Lashley D B, Masliah E, Kaplan G W, McAleer I M
Division of Urology, University of California, San Diego, School of Medicine, San Diego, California, USA.
Urology. 2000 May 1;55(5):774. doi: 10.1016/s0090-4295(00)00499-4.
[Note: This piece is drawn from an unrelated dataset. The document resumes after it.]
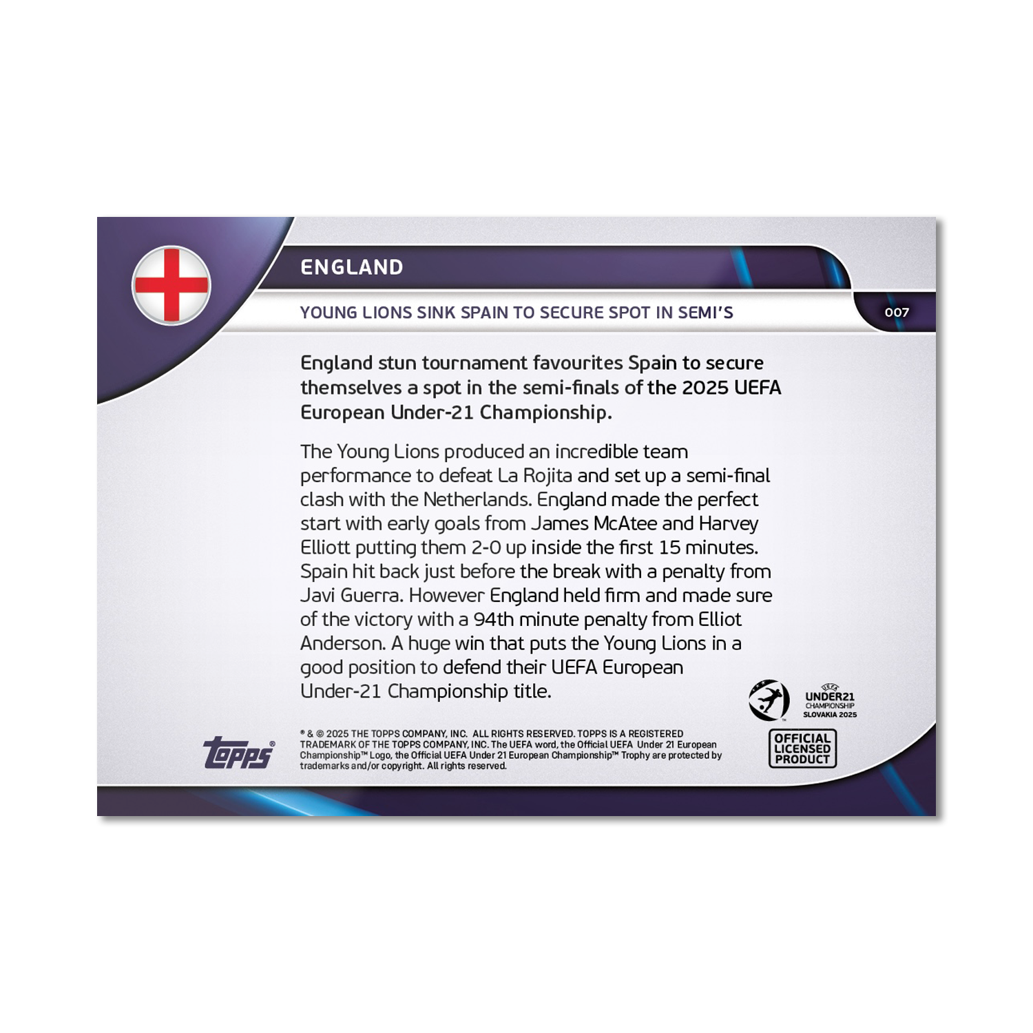 England - 2025 UEFA Euro U-21 Topps NOW® - Card 7 - PR: 94

We report a case of a 46,XY male infant with a history of normal amniotic fluid levels who was delivered by elective cesarean section at 38.5 weeks' gestation because of progressive bladder distension, hydroureteronephrosis, and what was thought to be a dilated posterior urethra. The child died at 19 days of age of cardiovascular complications. The autopsy revealed megacystis, bilateral megaureters and pyelocaliectasis, congenital absence of ganglion cells in the bladder wall, renal dysplasia, and a microcolon. No dilation or anatomic obstruction of the posterior urethra was found. These findings strongly suggest the diagnosis of megacystis microcolon intestinal hypoperistalsis syndrome. We discuss the ultrasound findings of in utero bladder distension with hydronephrosis and one of its rare etiologies.
我们报告一例46,XY男性婴儿,羊水水平正常,因进行性膀胱扩张、肾盂输尿管积水以及疑似后尿道扩张,于妊娠38.5周时择期剖宫产娩出。该患儿于19日龄时死于心血管并发症。尸检发现巨膀胱、双侧巨输尿管和肾盂肾盏扩张、膀胱壁神经节细胞先天性缺失、肾发育不良以及小结肠。未发现后尿道扩张或解剖学梗阻。这些发现强烈提示诊断为巨膀胱小结肠肠蠕动不良综合征。我们讨论了宫内膀胱扩张伴肾积水的超声表现及其罕见病因之一。